Enfeksiyonun geri kalanı temizlendiği zaman, bulaşıcı olan bu türler yeniden ortaya çıkabilir. Bu ölümcül mikropların bütün türlerini alt etmek için birden fazla ilacı birleştirmek önemlidir. Bütün süreçleri sonuna takip etmeyi başaramamak, dirençli türlerin bir nüfus boyunca yayılma tehlikesini artırabilir.
Boğaz ağrısına, iltihaplanmış kesiklere ve idrar yolu enfeksiyonlarına neden olan en yaygın enfeksiyonlar, vücutlarımızda yaygın olarak yaşayan ve çimler biraz daha yeşil göründüğü zaman çitten atlayan fırsatçılar kadar uzman değillerdir.

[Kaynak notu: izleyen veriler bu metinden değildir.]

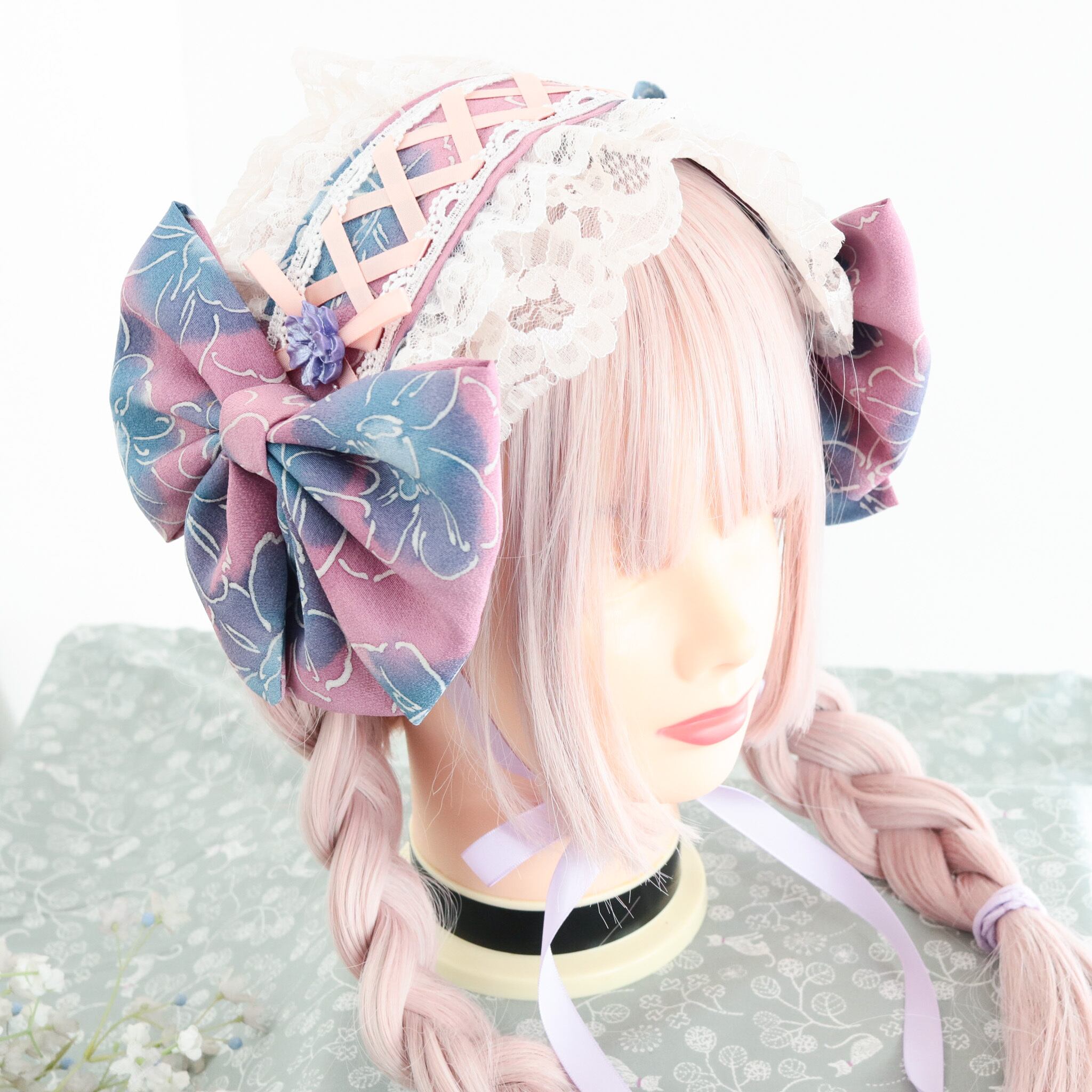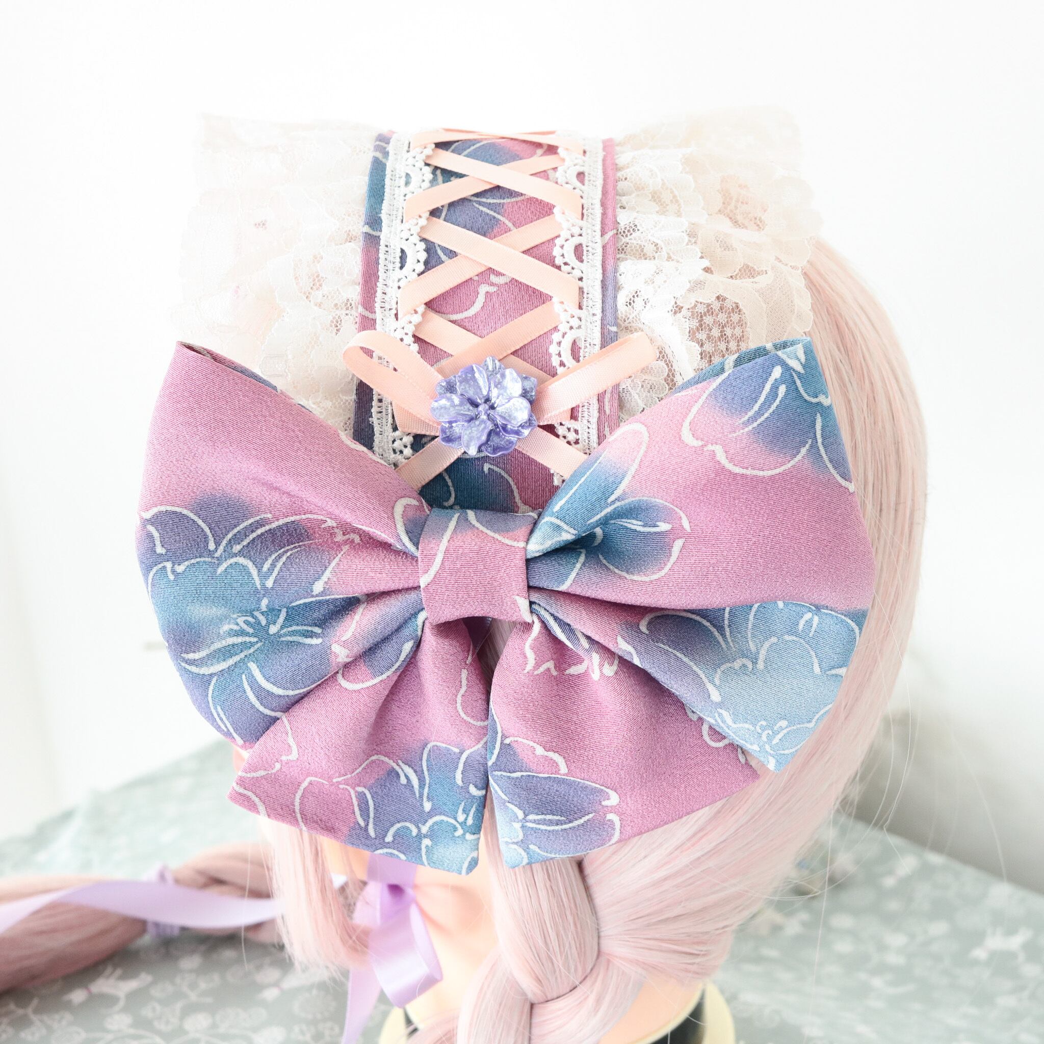 着物 リメイク 和風 和服 和装 ロリータ ロリィタ 洋服 袴 ヘッドドレス ボンネット ハーフボンネット 帽子 和洋折衷 一点物 リボン レース フリル 和柄 アクセサリー 和ロリ クラロリ 創作 撮影 日本 ゆめかわ 地雷 成人式 卒業式 入学式 式典 ライブ ライバー ユーチューバー イベント アイドル コンサート コンカフェ 豪華 お茶会 lolita kimono コスプレ パープル ブルー セール 特別価格 Happinyass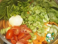 Описание: Предлагаю вам попробовать вкусный насыщенный овощной бульон с картофельными ньоками, запеченной куриной грудкой и чесночной заправкой.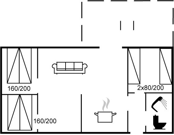 Der er i alt 3 soveværelser. Sovepladserne fordeler sig på: 4 sovepladser i dobbeltsenge. 2 sovepladser i enkeltsenge.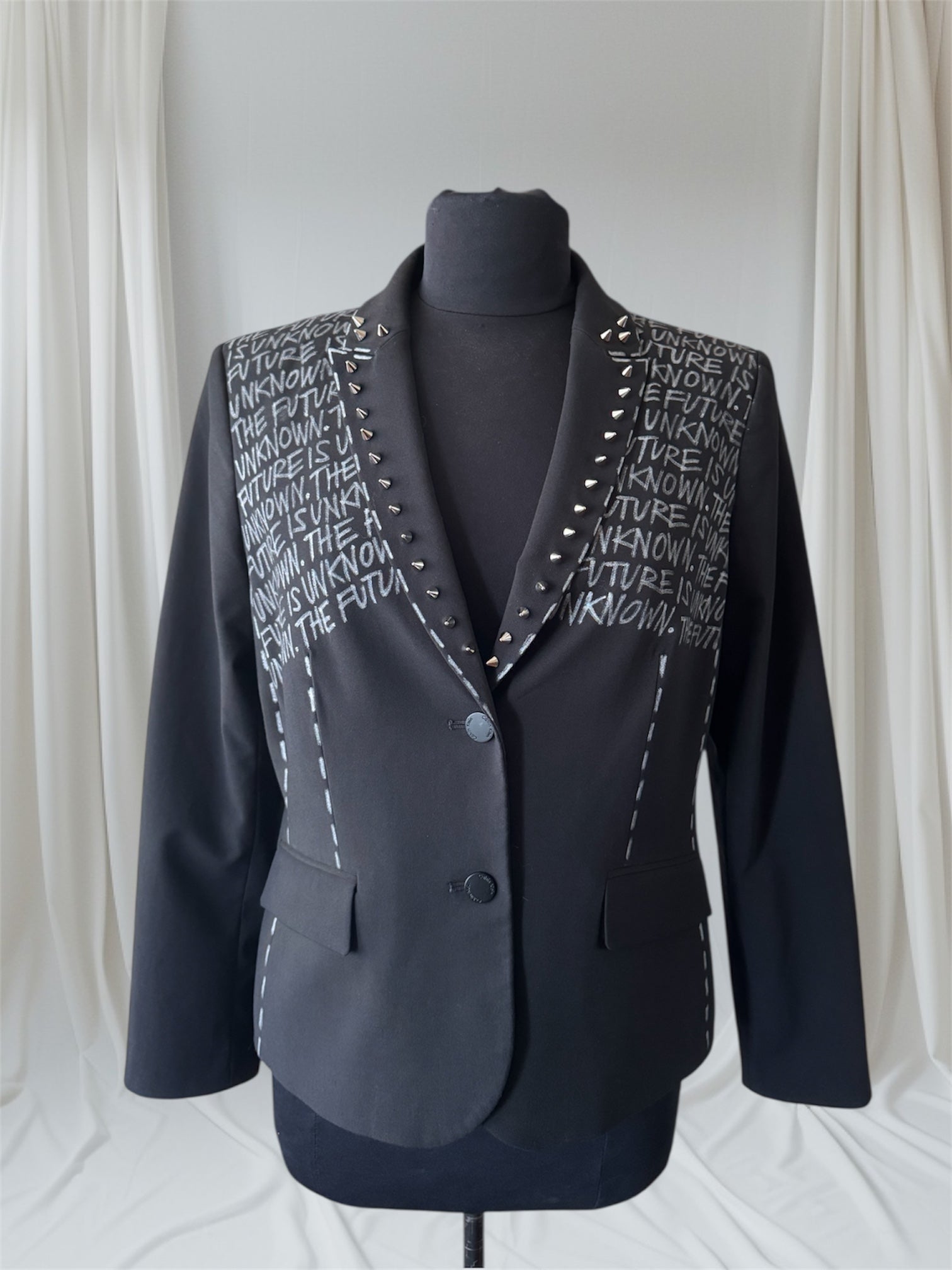 THE FUTURE IS UNKNOWN Size US 10 Womens Suit Jacket Hand-painted women’s punk-inspired suit jacket with spiked lapels. A classic tailored silhouette transformed into a one-of-a-kind fashion statement. Each jacket is individually upcycled and customized by hand — a refusal of fast fashion and mass production. Details• Hand-painted statement• Spiked lapels• Classic tailored suit jacket silhouette• Upcycled / sustainable• Dry clean safe Created in a single size as part of our upcycled collection. Custom commissions are available through our Custom Suit Jacket program:https://punkmajesty.com/pages/custom-suit-jackets Returns are accepted if you notify us directly via email within 7 days of delivery to receive instructions. Items must be returned unworn in original condition, insured with tracking number provided. measurements 20 inch chest 18 inch waist 24 inch sleeve length 16 inch shoulders 25 inch back length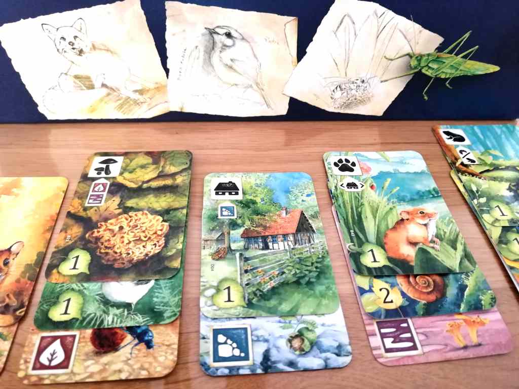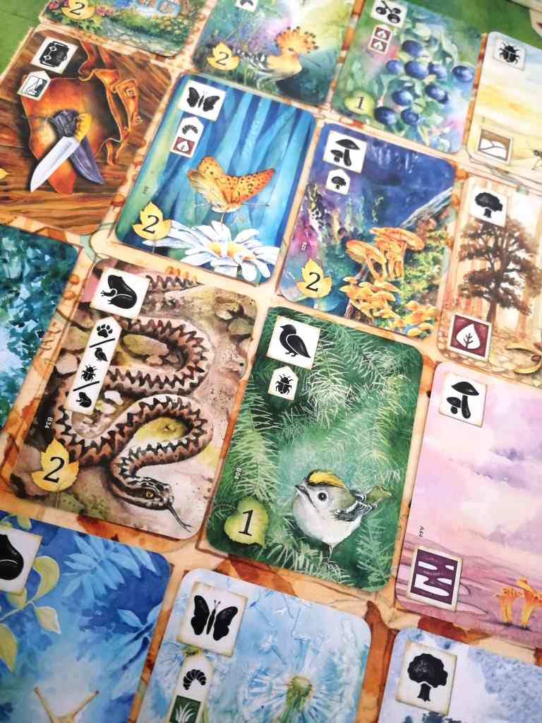 En ce sens, MEADOW est une vraie promenade, mais bien plus intellectuelle que thématique. Certes, les illustrations des cartes tentent de nous faire balader avec douceur à travers les différents paysages à la recherche de la faune et la flore locale. Mais, le jeu s’avère très mécanique, et plutôt solitaire malgré des intéractions présentes autant sur le plan des objectifs à atteindre que des places à occuper autour des deux plateaux de jeu. Chaque joueur est entièrement préoccupé par l’agencement de son tableau de cartes et les enchainements à réaliser. L’anticipation est le maître mot, à moins de se laisser emporter par les nouvelles cartes apparaissant.

Şu an vücudunuzu işgal eden milyarlarca mikroorganizma arasında, antibiyotiklere karşı halihazırda bir derece dirençli olanların sayısı bir avuç kadardır.
Sorun burada yatıyor; bir antibiyotik tedavi süreci, bütün bu mikropları öldürmeyecektir. Üstelik bunun için minnettar olmalısınız! Bu salaklara ihtiyacınız var.
Bu fırsatçı enfeksiyonların çoğunda, sadece sorun çıkaranları yenmek önemlidir. Bu durumda daha fazlasını yapmak, daha iyi olmayacaktır.
Araştırmacılar şöyle yazıyorlar: “Bu fırsatçı bakteriler ne kadar uzun süre antibiyotiğe maruz kalırsa, antibiyotik direnci bakımından seçilme baskısı o kadar yüksek olur.”
İlaca karşı dayanıklı, hastalık yapıcı “süper mikropların” yayılışı, antibiyotik gibi tedavilerin yanlış kullanılmasının dirençli nesillerin daha yaygın hale gelmesine yardımcı olduğu bugünün dünyasında büyük bir endişe niteliği taşıyor.
Peki ne yapılması gerekiyor? Araştırmacılar bile, daha etkili bir yönerge oluşturmak için daha fazla çalışmaya ihtiyaç olduğunu itiraf ediyorlar.
“Daha iyi hissettiğiniz zaman durmak gibi en uygun basit ve alternatif mesajları kararlaştırmak için araştırma gerekiyor,” diyorlar.
Şimdilik, Popular Science’ın tıbbi tavsiye köşesi olmadığını ve bunun sadece bir adet inceleme olduğunu aklınızda tutun. Belki ilk önce birkaç soru sorduktan sonra, pratisyen hekiminizle konuşmanızı ve onların önerilerini takip etmenizi söyleyen genel sorumluluk reddini önemle belirtiyoruz.
Bu analiz BMJ bülteninde yayınlandı.